_REQUIRED WORK:_ Reproduce the data exactly and drop any pictures it holds.

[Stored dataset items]
━━━━━━━━

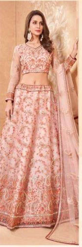
D.No. 1046 ← ୧୧ →
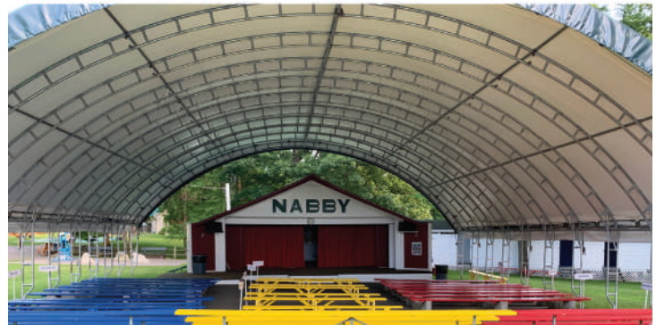
The Nabby stage...then and now.
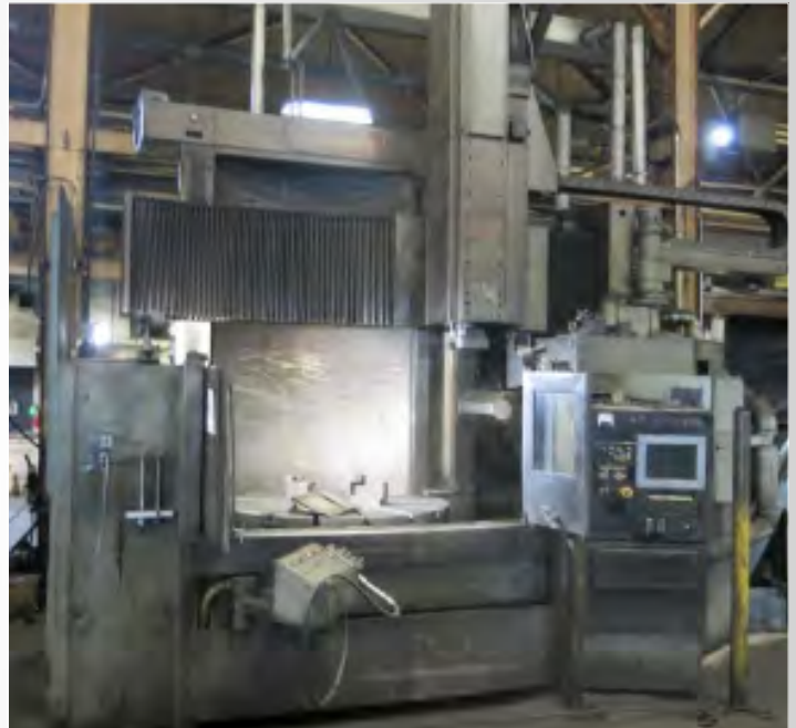
MONARCH VLN-14 VERTICAL BORING MILL
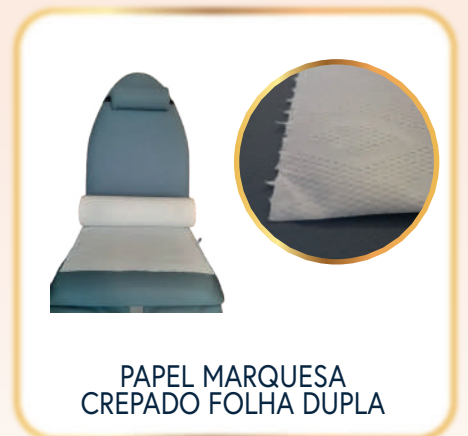
PAPEL MARQUESA CREPADO FOLHA DUPLA
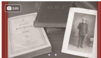
Friends of The OPP Museum @OPPMuseumFriends
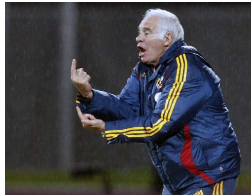
Luis Aragonés, Spain's National Trainer

Xavi's pass created uncertainty for Germany
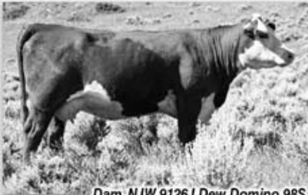
Dam, NJW 9126J Dew Domino 98S

• The combination of two standout NJW cow families, breed leader 9126J and the Denver 2012 Supreme Champion Hereford Bull! Very complete, balanced and wide-based with shape and depth, this dark, solid marked, well pigmented herd sire candidate will be a strong breeding tool. He is maternal brother to herd sires Durango 44U and Ribeye 88X. Lots 82Y and 83Y are identical twins, the result of egg splitting post fertilization, they have identical DNA and identical footnotes. Selling choice and retaining a one-half semen interest in the buyer's choice bull.
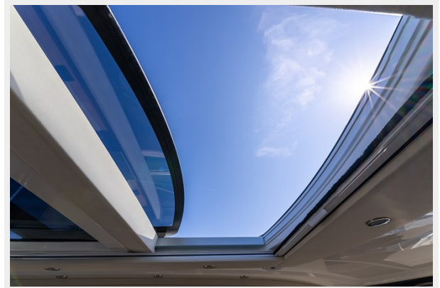
Retractable sunroof at the salon/galley area
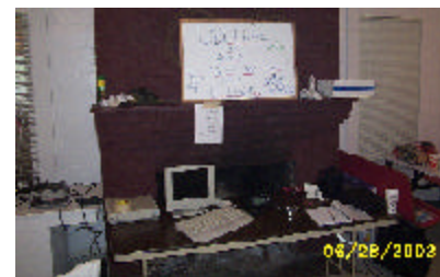
I see the computer, but did we forget the rig? -----
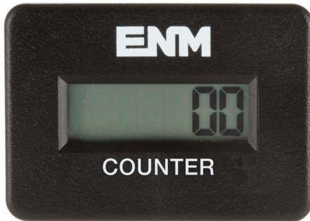
C44F65C 4.5-60 VDC/VAC 50/60 Hz C44F69C 115-275 VDC/VAC 50/60 Hz

ENM's series C44 Counter features a 6-digit, 7 segment LCD display. The accumulated counts are stored on powerless, non-volatile data backup using CMOS EEPROM technology, where small space and reliable instruments are required with memory that does not rely on a battery.
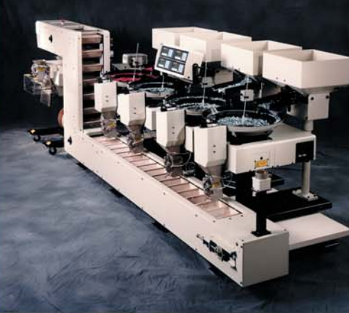
Kit-Veyor® High-productivity system for multiple component kit packaging.
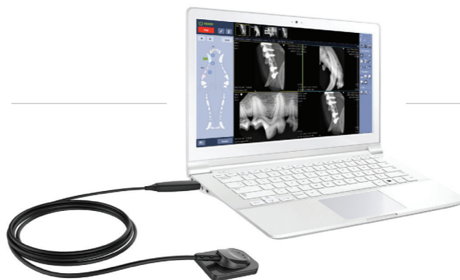
EzSensor Vet Series | Intraoral Sensors EzDentVet | Vet Dental Imaging Software
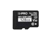
WV-SDB128G i-PRO SD Memory Card
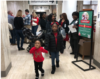
Happy faces filled the lobby!

First Quarter FY 2024 Southwest District South Georgia Medical Center
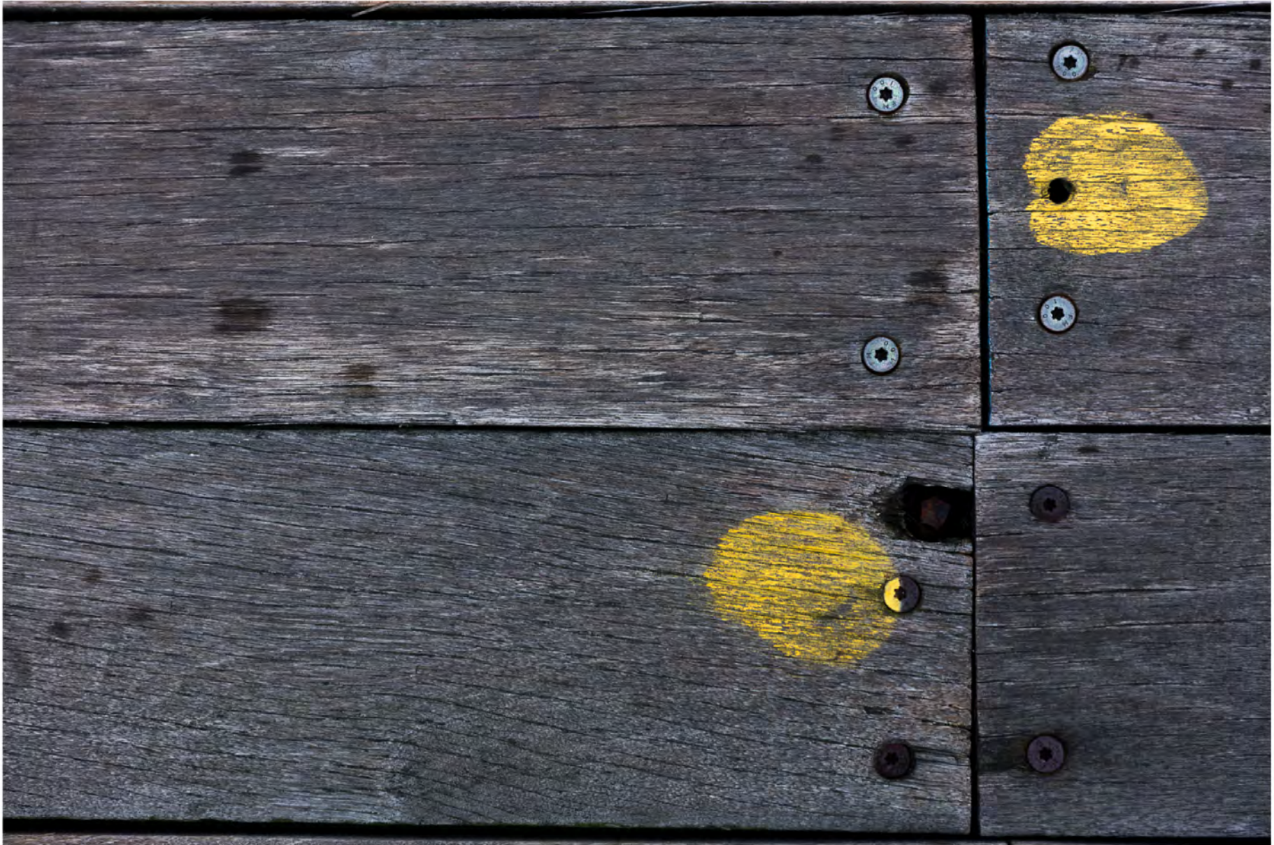
Future Work, Southend-on- Sea Pier, November 2017

━━━━━━━━

_ANSWER:_
D.No. 1046 ← ୧୧ →
The Nabby stage...then and now.
MONARCH VLN-14 VERTICAL BORING MILL
PAPEL MARQUESA CREPADO FOLHA DUPLA
Friends of The OPP Museum @OPPMuseumFriends
Luis Aragonés, Spain's National Trainer

Xavi's pass created uncertainty for Germany
Dam, NJW 9126J Dew Domino 98S

• The combination of two standout NJW cow families, breed leader 9126J and the Denver 2012 Supreme Champion Hereford Bull! Very complete, balanced and wide-based with shape and depth, this dark, solid marked, well pigmented herd sire candidate will be a strong breeding tool. He is maternal brother to herd sires Durango 44U and Ribeye 88X. Lots 82Y and 83Y are identical twins, the result of egg splitting post fertilization, they have identical DNA and identical footnotes. Selling choice and retaining a one-half semen interest in the buyer's choice bull.
Retractable sunroof at the salon/galley area
I see the computer, but did we forget the rig? -----
C44F65C 4.5-60 VDC/VAC 50/60 Hz C44F69C 115-275 VDC/VAC 50/60 Hz

ENM's series C44 Counter features a 6-digit, 7 segment LCD display. The accumulated counts are stored on powerless, non-volatile data backup using CMOS EEPROM technology, where small space and reliable instruments are required with memory that does not rely on a battery.
Kit-Veyor® High-productivity system for multiple component kit packaging.
EzSensor Vet Series | Intraoral Sensors EzDentVet | Vet Dental Imaging Software
WV-SDB128G i-PRO SD Memory Card
Happy faces filled the lobby!

First Quarter FY 2024 Southwest District South Georgia Medical Center
Future Work, Southend-on- Sea Pier, November 2017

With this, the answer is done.